• [Exercise]:
What is needed is the exact text of each line in the listing below from the one with "这样的函数后,会需要走run" up to and including the one with "Bäst i test", and no pictures.

• [Records provided]:

■ ■ ■ ■ ■ ■ ■

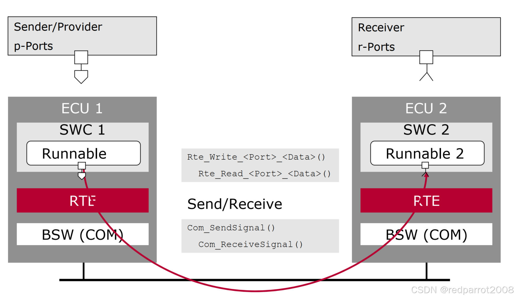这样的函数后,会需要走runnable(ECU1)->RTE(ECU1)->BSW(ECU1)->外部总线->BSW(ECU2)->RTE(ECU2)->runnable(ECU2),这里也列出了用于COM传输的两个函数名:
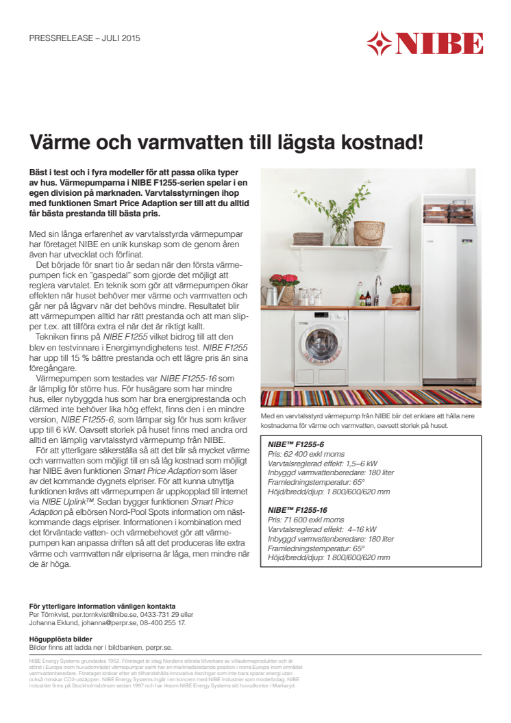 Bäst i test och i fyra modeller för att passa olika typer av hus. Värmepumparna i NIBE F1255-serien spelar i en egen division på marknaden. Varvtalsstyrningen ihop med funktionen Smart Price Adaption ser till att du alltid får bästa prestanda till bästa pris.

■ ■ ■ ■ ■ ■ ■

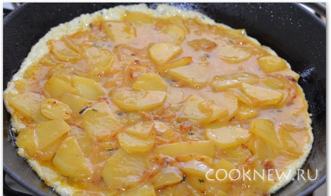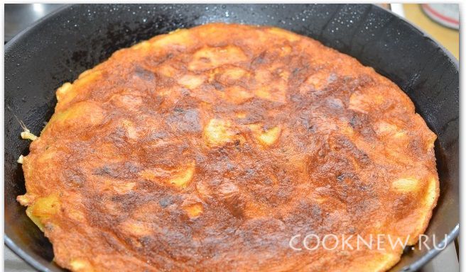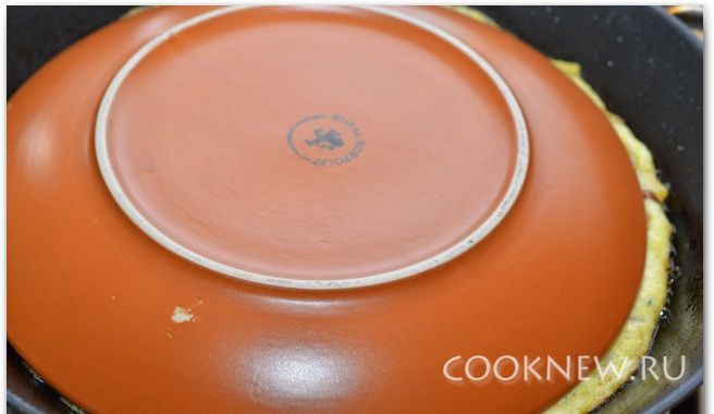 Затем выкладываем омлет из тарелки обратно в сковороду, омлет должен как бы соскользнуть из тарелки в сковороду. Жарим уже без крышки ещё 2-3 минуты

■ ■ ■ ■ ■ ■ ■

• [Answer space]:
这样的函数后,会需要走runnable(ECU1)->RTE(ECU1)->BSW(ECU1)->外部总线->BSW(ECU2)->RTE(ECU2)->runnable(ECU2),这里也列出了用于COM传输的两个函数名:
 Bäst i test och i fyra modeller för att passa olika typer av hus. Värmepumparna i NIBE F1255-serien spelar i en egen division på marknaden. Varvtalsstyrningen ihop med funktionen Smart Price Adaption ser till att du alltid får bästa prestanda till bästa pris.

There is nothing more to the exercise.